March 9, 2003

Now is a great time for the true entrepreneur to raise venture capital.The current macroeconomic climate makes even contemplating starting a new company an act of a courageous soul. And while it may be one thing to start a company, it is quite another to start a high-tech company, to do so in Israel with tensions in the region at a high, and to aim to fund such company with venture backing during one the most gloomy periods in the history of the venture industry.

After all, private Israeli companies raised almost half as much money in 2002 as they did in 2001, and a third fewer companies raised money at all. Seed stage companies seemed to be hardest hit, constituting only two percent ($23 million) of the total funds raised in 2002, compared to five percent ($95 million) in 2001 (IVC survey). Against this background, the fact that there are entrepreneurs still out there with a willingness to start new companies and dream about bringing their innovative ideas to millions is nothing short of miraculous.

Or maybe not. Maybe it is not sublime but rather ridiculous that people are still looking to create and fund startups in the IT arena. The days of the IT revolution are over, people – don’t you get it??!!

I’m not sure I agree with that line of argument. Yes, it may be ridiculous to pretend, as we did in the late 90s, that almost every new idea is worth considering for funding and every entrepreneur, no matter how inexperienced, should be heard. But I would argue that while this is not a good time to be a good entrepreneur, this is a great time to be a great entrepreneur.

The period of hype is over, so the truly exceptional entrepreneurs can indeed make themselves heard over the crowd. Funds are no longer bombarded with hundreds of new half-baked plans every week, nor is there the pressure to make quick investment decisions or risk losing out on a “hot” deal. We are all acting more like professionals. Taking time, learning the opportunity, crafting a plan, understanding the competitive landscape, and picking only the very best.

The markets are brutally weeding out mediocrity. Even above-average companies are closing, even above-average managers and employees are being laid off, and even the strongest venture funds are closing or reducing their fund sizes. The funds are focusing on nursing their current portfolios, and spending more time on due diligence before making new investments. The playing field has been leveled between the entrepreneur and the financier both parties have been humbled, and the quality of business plans has improved as a result. Indeed, a recent survey by Dee Power and Brian Hill in the US shows that US venture capitalists believe that they are seeing higher quality business plans today than in the past.

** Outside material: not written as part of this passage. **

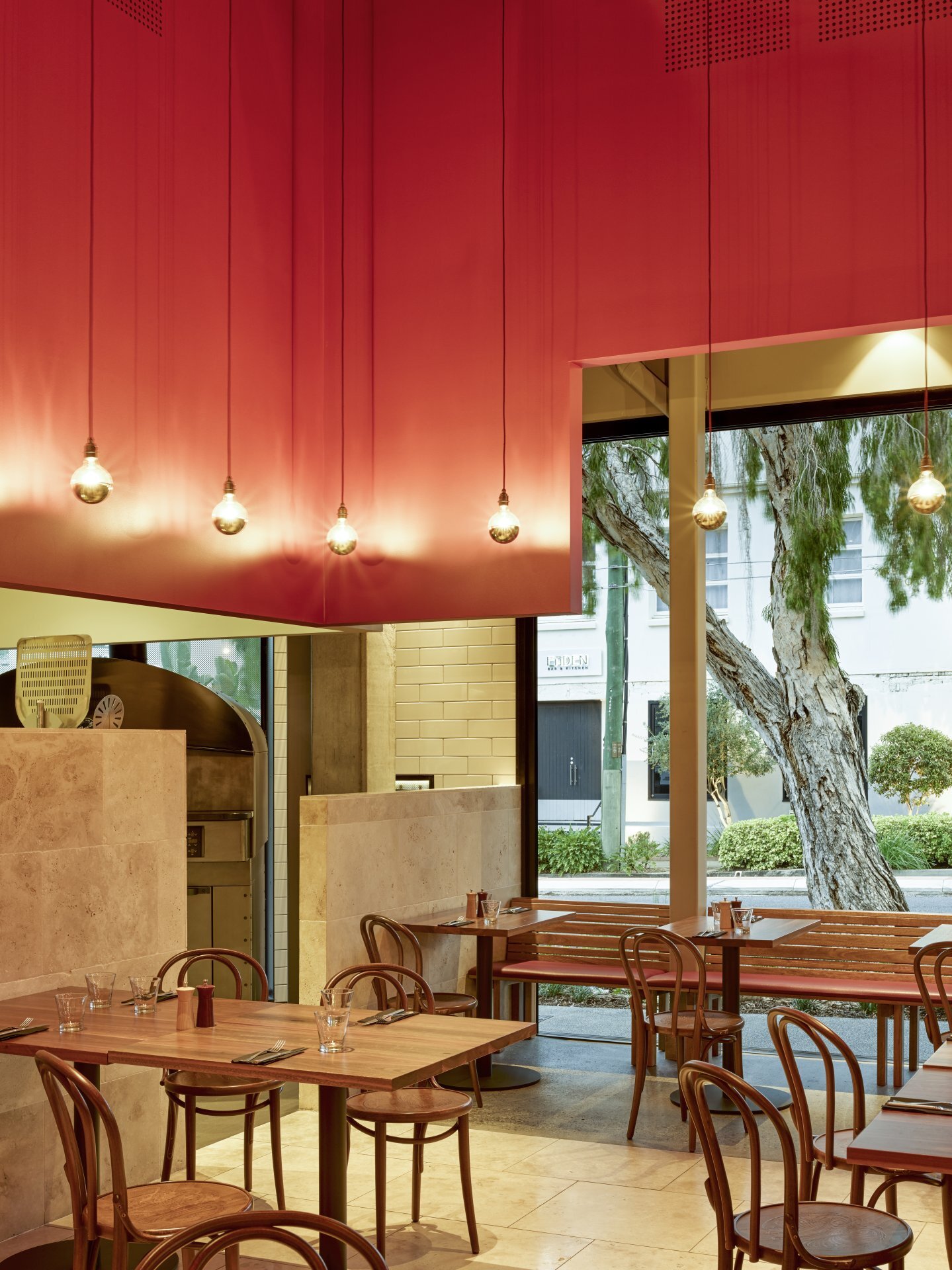 The central volume is the focus of the dining space. A tall red room is decorated by a fringe of mirrored pendant lights. The gently moving lights create subtle interference patterns which seem to breath as the pendants sway in the breeze.

Instead of seeking a quick uptick in valuation and a rapid, even if premature, rise to IPO the best entrepreneurs and the best VCs are refocused on building long term sustainable businesses over time. Yes, if your sole motivation is to time the market and get rich quick be honest with yourself, you know who you are – you’ve probably missed the boat. But if you have the heart and soul for a long difficult ride, in which anything less than excellence goes largely if not completely un-rewarded, now’s a great time to be making the transition from a pre-seed to a venture-backed company.

After all, while the key matrices of activity in the VC sector in Israel – $ investment level, average deal size, and number of active funds – have come down to 1998 levels, let’s not forget that 1998 levels are objectively very impressive for a country Israel’s size. That year saw $1 billion in venture investments, over 350 companies that raised money, and an average of about $3 million per venture round. While pure Internet companies have understandably fallen out of favor, other areas, where Israel’s competitive advantage is arguably much stronger, continue to garner the lion’s share of funding namely communications, enterprise software, and life sciences.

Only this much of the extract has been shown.